Two other fighters who gave us moments to remember in 2010 were Juan Manuel Lopez, who knocked out three solid opponents including highly respected Mexican warrior Rafael Marquez, and Giovani Segura, who won four times (that’s three years work for Mayweather) in 2010, all by knockout. Along the way, Segura defeated one of the great minimum weight fighters in history, slick Ivan Calderon, to win the belt on Aug. 28.

Lastly, boxing gave us another magical cinematic moment as well with the release of “The Fighter,’’ a film based on the life and hard times of junior welterweight scrapper Micky Ward. The film has won rave reviews and many awards and seems likely to have several of its actors nominated for Academy Awards, most notable Christian Bale for his sadly humorous portrayal of Ward’s troubled half brother, former fighter Dickie Ecklund.

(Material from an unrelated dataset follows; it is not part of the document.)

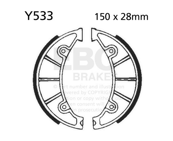 EBC Brakes plain motorcycle replacement brake shoes are an OE quality replacement brake shoe made with boned brake linings and using high pressure die cast aluminium platforms for two wheeled machines. Shoes are edge trimmed and radius ground exactly into the brake drum. They have chamfers on the ends of the lining and come complete with OE style brake shoe springs.

Boxing has a long history of providing the framework for memorable movies and it did it again with “The Fighter,’’ a film that did more for boxing than any promoter did all year.

All in all, it wasn’t the best of years for boxing but it was a good year that picked up speed in the final months and, like that great golf shot you finally hit out of the rough on the 18th, left us with reasons to hope for a better year in 2011. If somehow it gives us Mayweather-Pacquiao, the emergence of Alvarez and Rios, the ascension of Martinez and Haye vs. the best available Klitschko in addition to the kind of solid performances that always come along, it could be a year to remember.